# Thread: Exponential dsn - expected cost of a project

1. ## Exponential dsn - expected cost of a project

Hi all,

The length of time $Y$necessary to complete a key operation in the construction of houses has an exponential distribution with mean 10 hours. The formula $C=100+40Y+3Y^2$ relates the cost $C$of completeting this operation to the square of the time to completion. Find the mean and variance of $C$

So mean of C;
$E(C)=E(100+40Y+3Y^2)=100+40\cdot E(Y)+3\cdot [E(Y)]^2=100+40\cdot 10+3\cdot 100=800$

Just not sure I have calculated variance correctly; $E(C^2)=E[(100+40Y+3Y^2)^2]=$ $E(100^2+1600Y^2+9Y^4+8000Y+600Y^2+240Y^3)=640000$

So $var(C)=640000-800^2=0$

2. Originally Posted by Robb
Hi all,

The length of time $Y$necessary to complete a key operation in the construction of houses has an exponential distribution with mean 10 hours. The formula $C=100+40Y+3Y^2$ relates the cost $C$of completeting this operation to the square of the time to completion.
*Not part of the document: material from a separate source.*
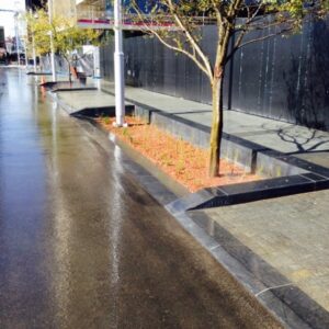 Key features include appropriate raingarden design, intercepting first flush events, and integrating with existing drainage systems. Safety measures, like trafficable ramps and stone kerbs, ensure public safety. The project promotes connectivity, providing functional and high-amenity spaces, aligning with the City of Perth’s standards. Custom seating integrated with raingardens enhances practicality and aesthetics. Reduced kerb heights and flush parking bays create a sense of spatial generosity and promote pedestrian-friendly environments.

Find the mean and variance of $C$

So mean of C;
$E(C)=E(100+40Y+3Y^2)=100+40\cdot E(Y)+3\cdot [E(Y)]^2=100+40\cdot 10+3\cdot 100=800$

Just not sure I have calculated variance correctly; $E(C^2)=E[(100+40Y+3Y^2)^2]=$ $E(100^2+1600Y^2+9Y^4+8000Y+600Y^2+240Y^3)=640000$

So $var(C)=640000-800^2=0$
You have made the very bad mistake of thinking that $E(Y^n) = [E(Y)]^n$.

You're given $E(Y) = 10$. To get $E(Y^n)$ you need to use the pdf: $E(Y^n) = \int_0^{+\infty} y^n f(y) \, dy$.

$E(C) = E(100 + 40Y + 3Y^2) = 100 + 40 E(Y) + 3 E(Y^2)$.

$Var(C) = E(C^2) - [E(C)]^2$

and note that $C^2 = (100 + 40Y + 3Y^2)^2$.